# How to read out CPU temperature?



## rowo (Jul 21, 2018)

My main board is https://www.gigabyte.com/se/Motherboard/GA-MA69VM-S2-rev-10#ov
I have tried the following as root:
`# kldload coretemp
# sysctl dev.cpu.0.temperature
sysctl: unknown oid 'dev.cpu.0.temperature'
# sysctl -a|grep temperature
#`

Is there a package similar to Linux "sensors" for FreeBSD? At freshports I only find *qt5-sensors* but I would prefer a command line tool.


----------



## rigoletto@ (Jul 21, 2018)

That is a board for AMD CPUs, so you need `amdtemp` ( `coretemp` is for Intel processors ), and/or add `amdtemp_load="YES"` to /boot/loader.conf if you want it automatically loaded at boot time. 

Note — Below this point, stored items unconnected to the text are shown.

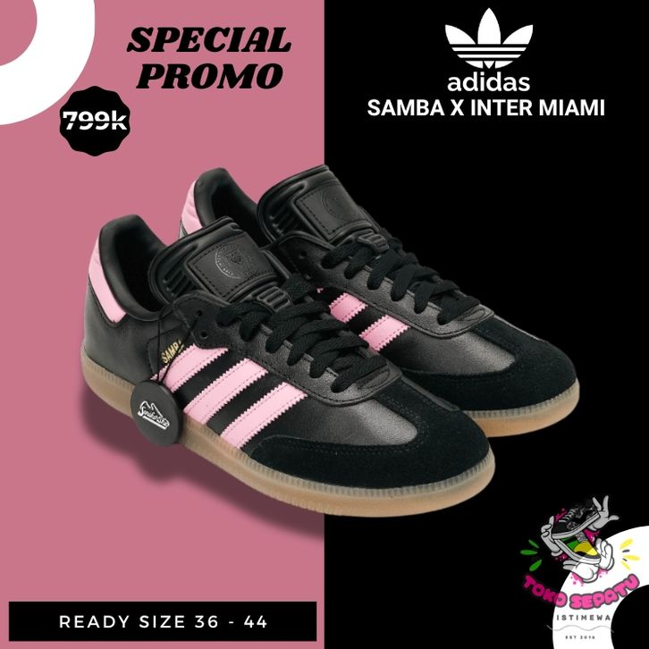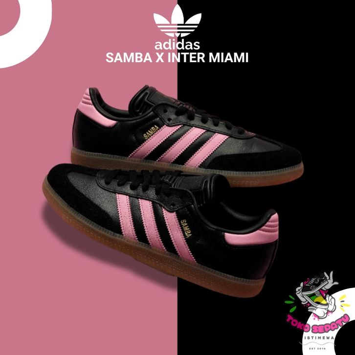 Sepatu Sneakers Pria Wanita Casual Adidas Samba X Inter Miami Away Black List Pink Gum Suede Premium Quality Super Promo
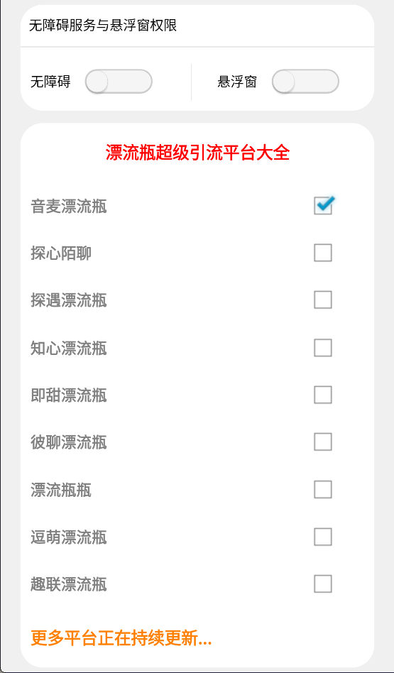 🌟 功能强大:最新多平台漂流瓶全自动超级引流挂机助手,主要针对各个漂流瓶平台的捡瓶子、扔瓶子功能,可用于引流和聊天赚钱。
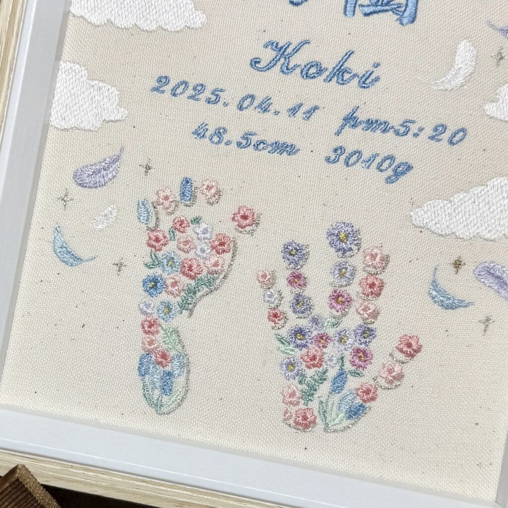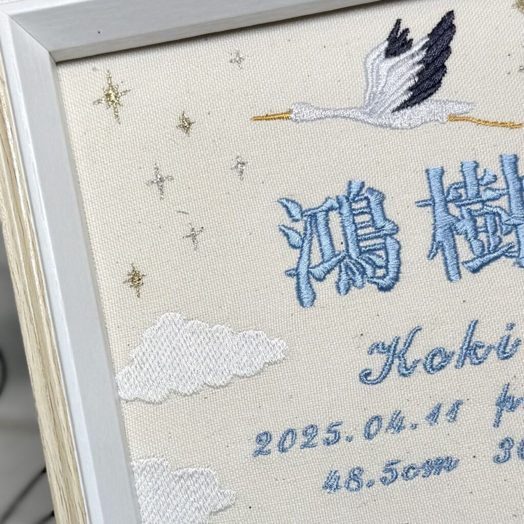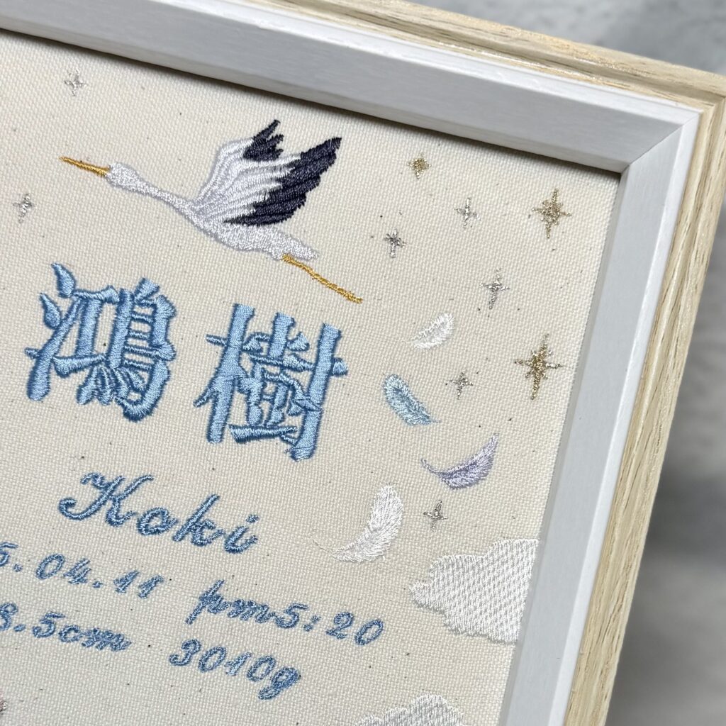 デザイン自由な命名書背面刺繡《幸せを運ぶコウノトリと手足形》
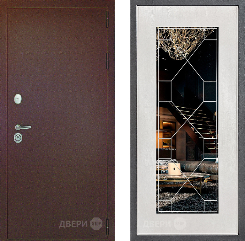Входная Дверь Дверной континент Рубикон Медь Дизайн ФЛ-Тиффани Зеркало Белое дерево 860x2050 мм
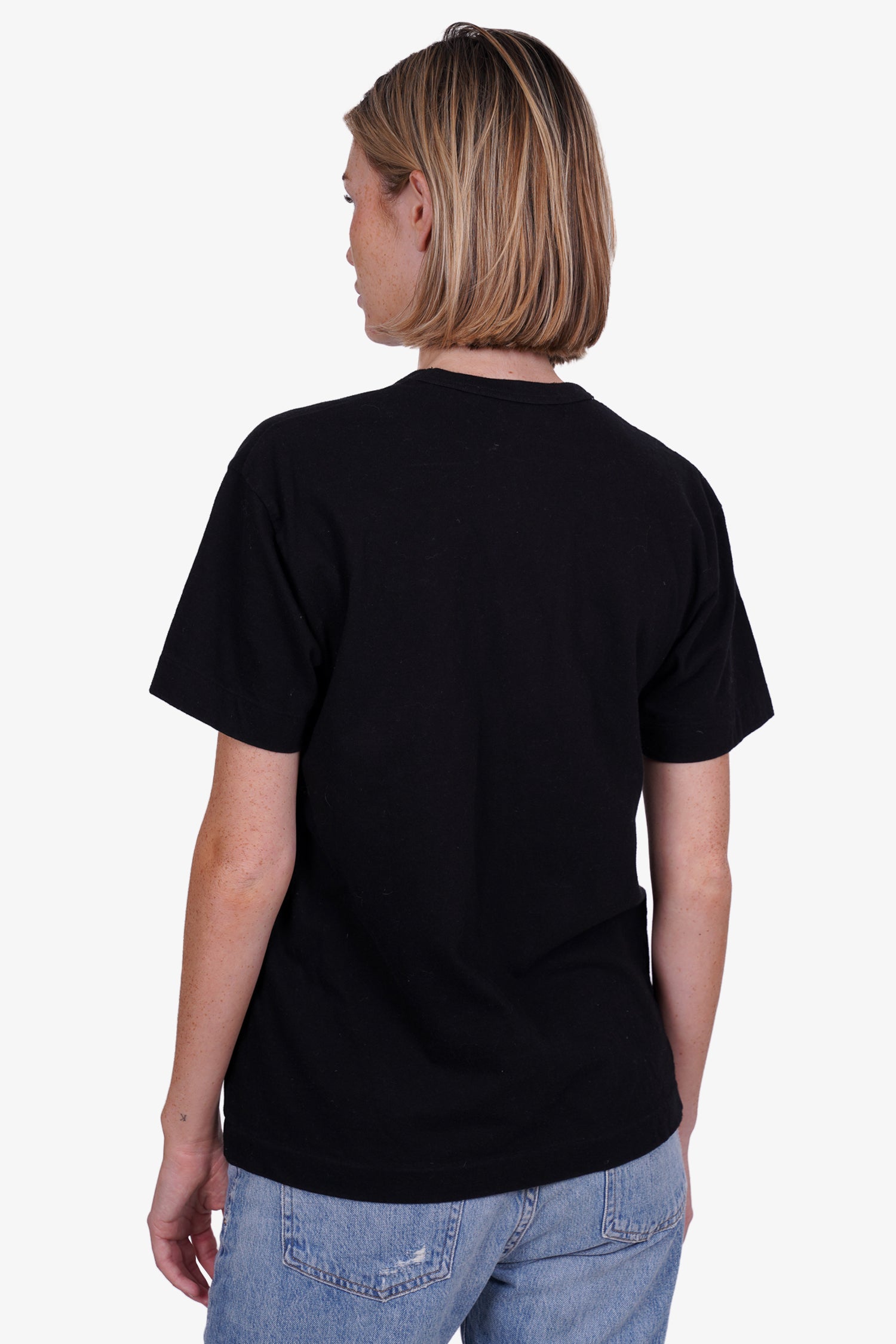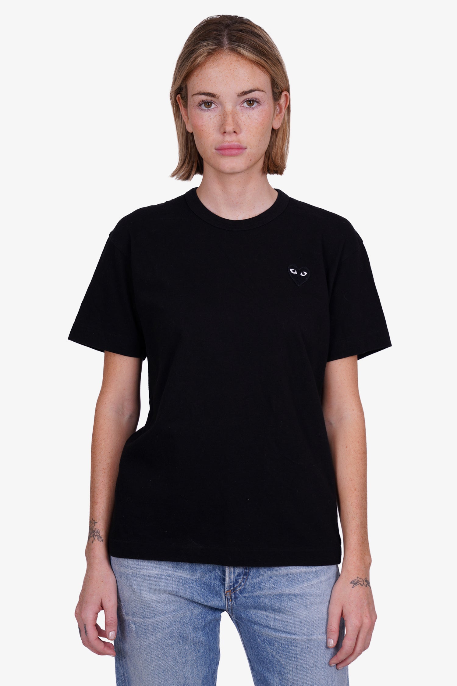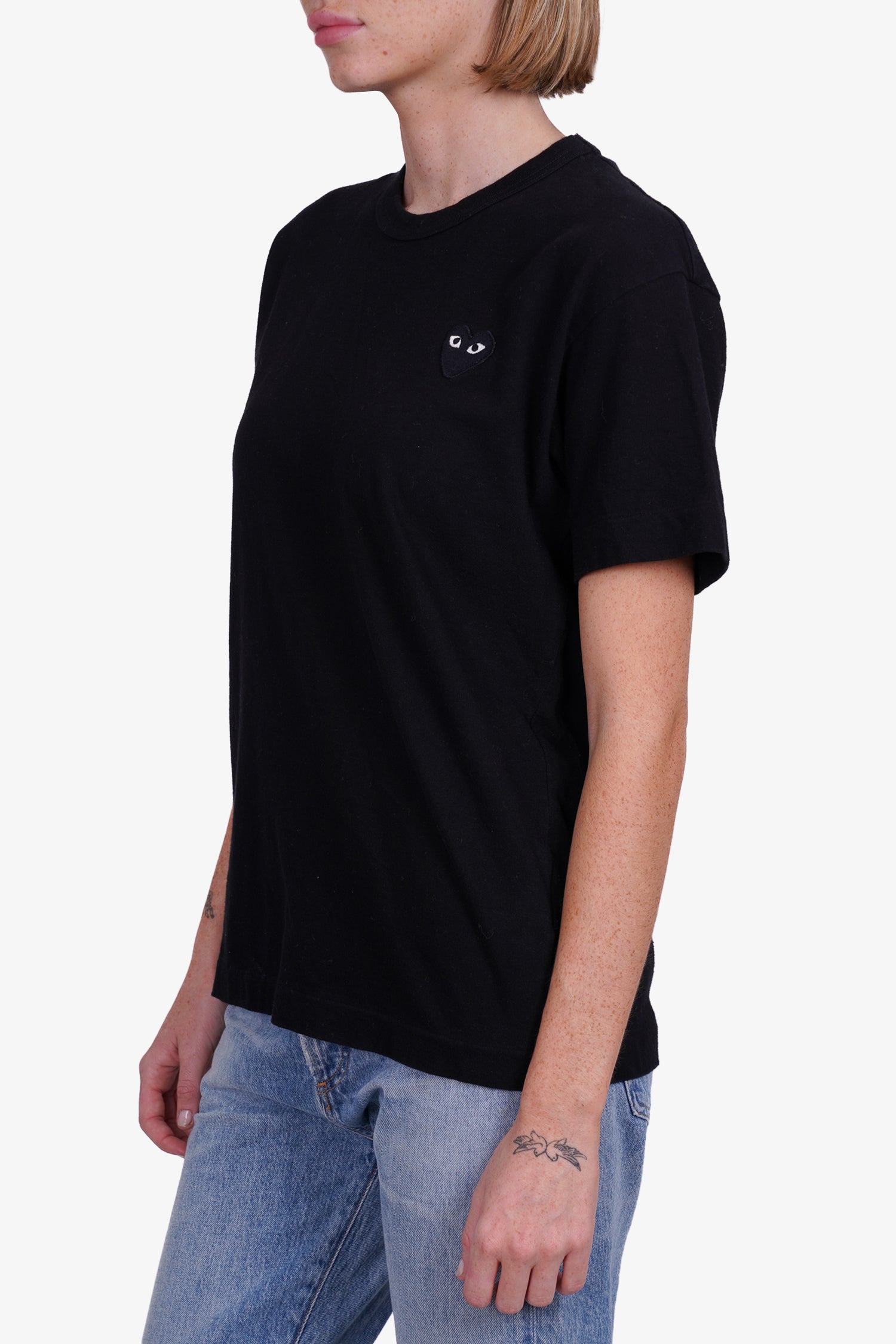 Refresh availabilityComme de Garcons Play Black Cotton Heart T-shirt. Round neckline. Iconic heart patch logo on front. Tonal stitching.
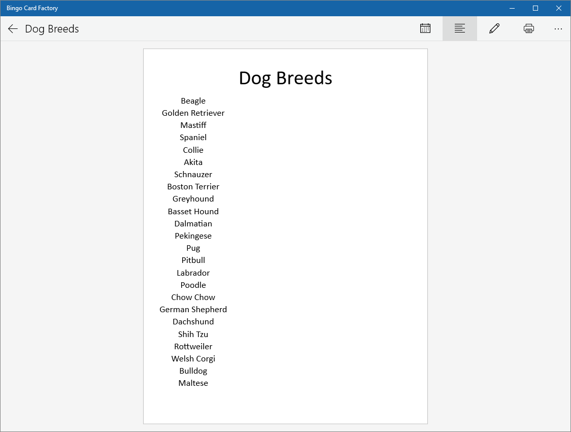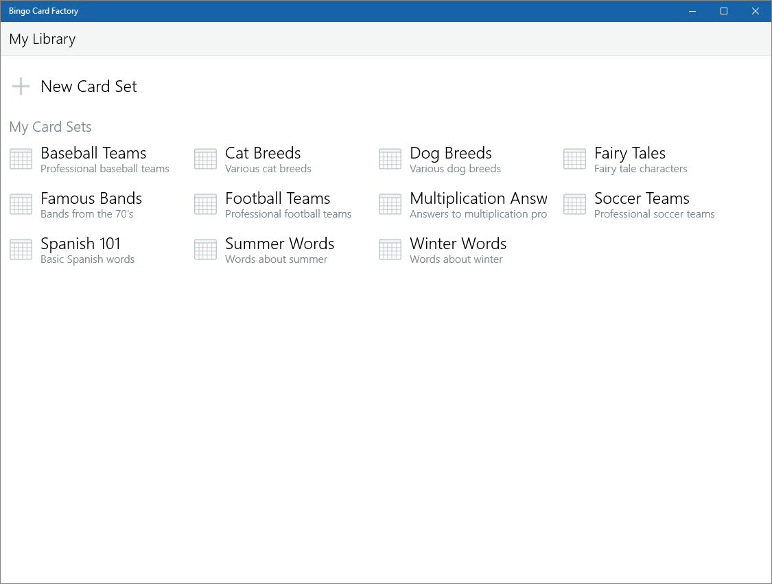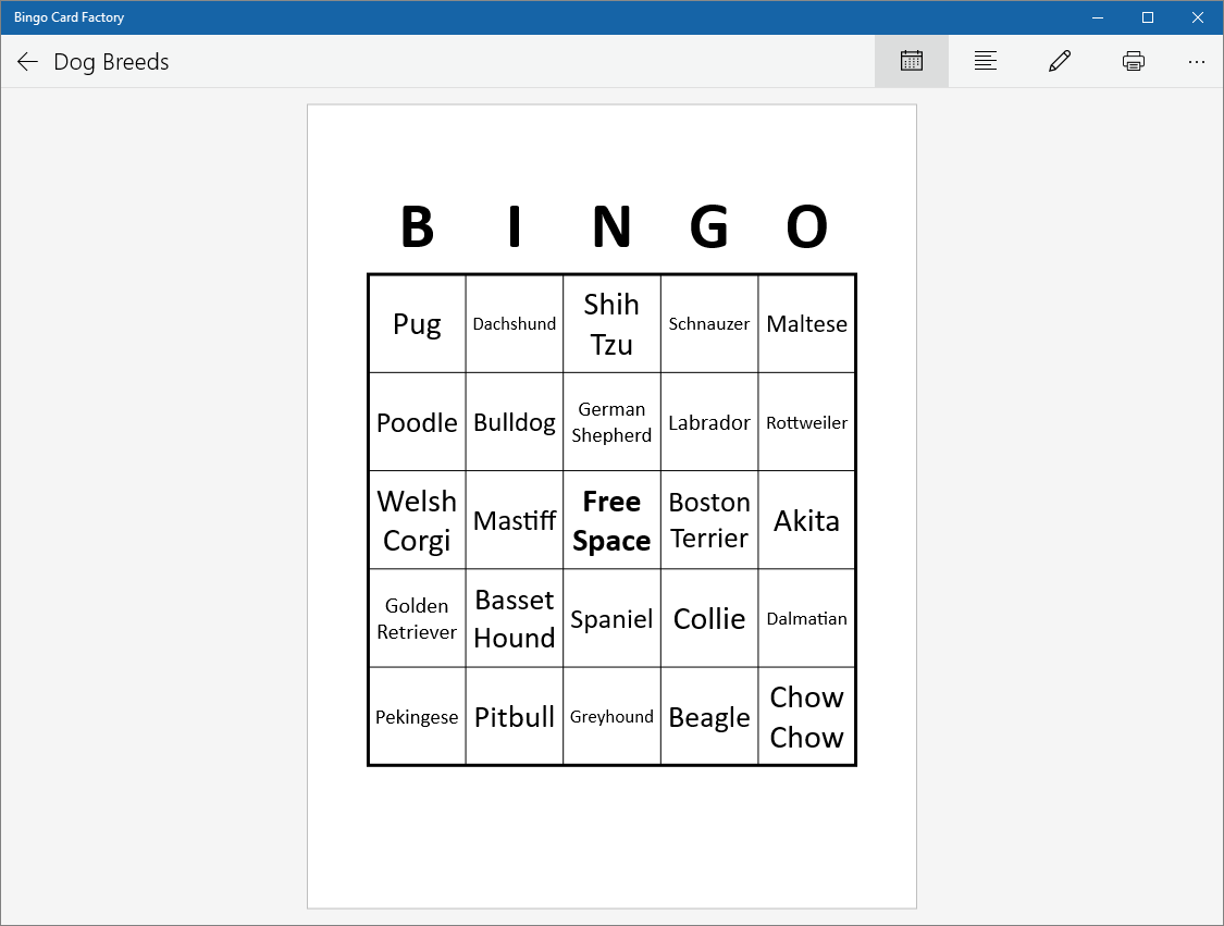 Quickly and easily create and print unlimited bingo cards from your Windows 10 computer or phone.
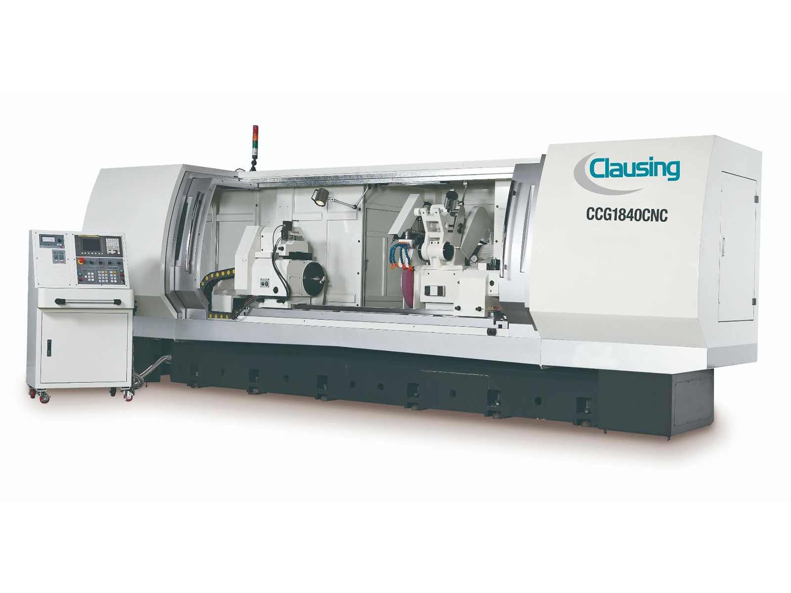 Clausing CNC 18 x 40 Precision Cylinder Grinder, Fanuc CNC control, ball screw operated traverse moving, inverter speed control work spindle head 0-350 rpm, automatic feed, 15 Hp Wheel Spindle drive motor, 230 or 460 volts, 3 ph Available through Commonwealth Industrial—your Clausing sales and service partner.
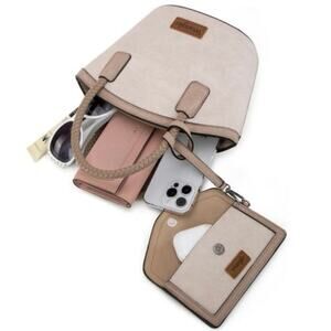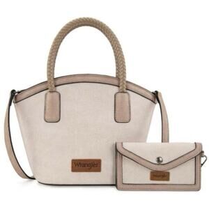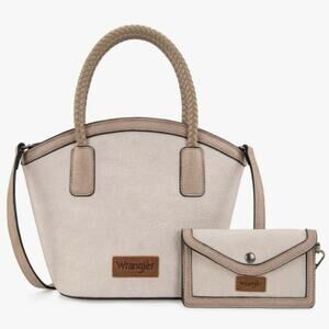 Wrangler Beige Mini Tote Purse Set w/ Wallet Adjustable Strap & Card Slots NEW

And I am not aware of anything like 'lm_sensors' on FreeBSD. However you still can use `sysctl`.


----------



## rowo (Jul 21, 2018)

Thanks!


----------



## Chris_H (Jul 22, 2018)

You might also be interested in sysutils/hwstat. It doesn't paint pretty pictures/graphs on your desktop. But it's nice for monitoring such things, and is easily scriptable. 

--Chris


----------



## rowo (Jul 22, 2018)

Thanks!


----------